Brewers Video
Because their appearances are so short (and, thus, their samples are so small), most relief pitchers experience some wide variations in the breakdown of their arsenals from month to month. Sometimes, it's not really what we would call a change in "pitch usage", for a starter; it's just the natural, wide vibrations that come with throwing 15 pitches at a time. Over 90 pitches, throwing 46 fastballs or 44 doesn't look much different. Over 15, throwing nine or seven is a relatively huge gap. The pocket of an opposing lineup you face on a given day might change your approach for the day, and that might show up even in a breakdown of pitch usage over a week or two.
Not so with Trevor Megill, though. He's extremely stable in the way he attacks hitters—and that takes conscious effort.
"I like to keep my fastball usage around 69 percent. That’s usually the goal," Megill said Saturday, in the Brewers clubhouse in Maryvale, Ariz. "I think that’s a good split—69/31. It just works out like that. It’s always been like that. It’s been like that for three years."
As the chart above shows, that's not quite right, but you can certainly see the towering righthander working in that direction—and he got very close to his goal in 2024. While many modern pitchers try to mix in the breaking stuff increasingly often, toward 40 or 50 percent of the time—especially those who only work an inning or so per game and don't have to worry about opponents getting too many looks at that pitch. Megill, however, is sticking with a very fastball-forward approach. Partially, that's because he's so much more likely to find the zone with the heater than with the hook. He could only throw the curve much more if he could be sure that hitters would chase it at an extraordinarily high rate, and although we know why his curve does consistently induce chases, that's a risky game.

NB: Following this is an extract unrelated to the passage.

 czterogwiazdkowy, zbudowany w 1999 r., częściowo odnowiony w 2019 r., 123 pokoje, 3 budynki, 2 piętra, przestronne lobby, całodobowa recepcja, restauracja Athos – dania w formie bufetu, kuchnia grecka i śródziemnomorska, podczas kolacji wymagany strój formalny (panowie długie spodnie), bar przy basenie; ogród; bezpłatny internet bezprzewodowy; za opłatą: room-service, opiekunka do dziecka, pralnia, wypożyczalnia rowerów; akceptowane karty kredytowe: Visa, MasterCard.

Throwing enough strikes isn't the main reason why Megill thinks this pitch mix makes the most sense, though. Since he has an exceptionally hard, high-spin fastball he can locate in the top of the zone, he mostly fills that mixing his pitches that way makes it hardest for hitters to anticipate, identify and attack his stuff. He loses a few strikeouts this way, but arguably, he gets even more outs.
"Last year was the first year where stressing over strikeouts wasn’t really a thing for me," Megill said. "It was more like, ‘How quick can we get the game over with? Let’s get the hell out of here in 12 pitches.’ I felt like being in the zone more, that put a lot more pressure on hitters to either make swings or make poor swing decisions."

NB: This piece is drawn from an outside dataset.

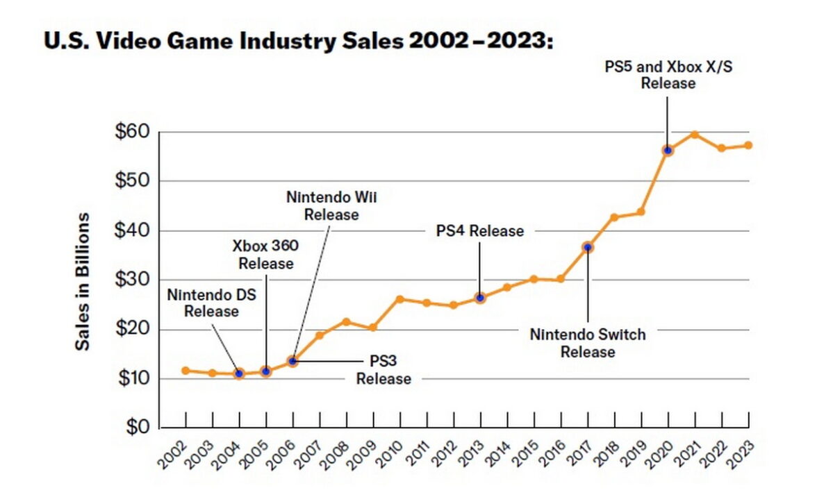 По данным Circana, приведенным в отчете, в 2023 году американские потребители потратили на видеоигры $57,2 млрд, в том числе $48 млрд на контент, $6,6 млрд на устройства для игры и $2,6 млрд на аксессуары. Общий вклад индустрии в ВВП США, по оценке ESA, составил $66 млрд.

Attacking hitters more fearlessly was easy, Megill noted, because of the superb defense behind him. He felt confident that if a ball stayed in the park, his defense would snag it and convert an out. He also got better, though, at avoiding the center of the strike zone with his heater—especially the area middle-up where hitters can make hard contact without getting under the ball. In the graphic above, you can see how his locations were somewhat bifurcated: lots in the lower half of the zone, and lots along the top rail. In 2022 and 2023, his fastball locations were more amorphous, and less precise.

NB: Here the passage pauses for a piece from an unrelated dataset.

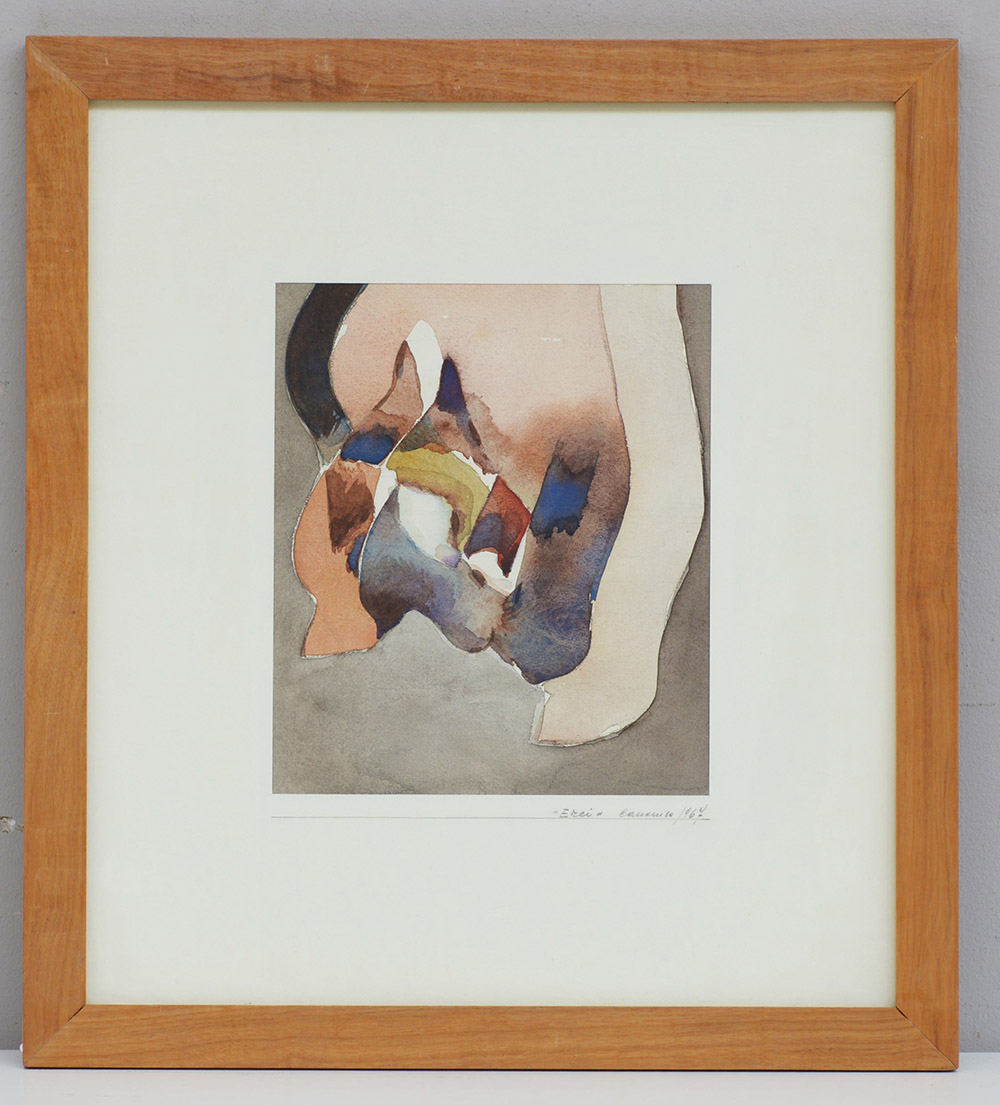 Felice Canonico Messina 1922 Milano 1996 "Erei" 1967 acquerello su carta, (cm 24,2x20,5) Titolato, firmato e datato in basso a destra. In cornice

Megill confirmed that the change was intentional, and focused on his long-term viability as the relief ace he became in the second half of 2023.
"I knew I had to do that at some point in my career," he said. "There’s a long process to where I envision myself and how I envision myself throwing, and you gotta work on, for me it was stuff, and then get to location with the stuff that you have. So it took two years to get there, but now I feel comfortable moving it around and placing the ball in different places, in different counts."
It all worked gorgeously, in ways not even fully captured by simple stats. Megill's new approach did reduce his strikeout rate, but it also drastically reduced his walk rate. If you strip out the four of his 14 walks on the year that were intentional (and also take them out of the denominator for walk rate, batters faced), Megill only gave out free passes to 5.6% of the batters he faced. It's clear that the self-confident Megill views himself as an elite reliever, capable of holding this level for years to come, as long as he can sustain that 69% fastball usage and continue making valuable adjustments. Injury risk notwithstanding, it's hard to argue with him.
Perhaps because he's now entering the season as the presumptive closer for the second time (although it was just as a placeholder last time), Megill also seems exceptionally comfortable in camp. Though he reminisced about the way playing in warm, humid, sea-level climes can affect his pitch movement ("Florida spring training, your curveball is disgusting. Everything you throw out there is nasty. The air is so heavy."), he strongly prefers spring training in Arizona, for a simple reason: it's home. Megill moved to the area a decade ago, so coming to Maryvale and playing in the Cactus League requires no hassle. In fact, it means an extra month at home with his young family.
For all the same reasons why relievers with stable pitch usage ratios are rare, relievers who stick around and thrive for more than a few years are similarly scarce. Megill is hoping to be among the exceptions to the latter, partially by dedicating himself so ardently to being an exception to the former.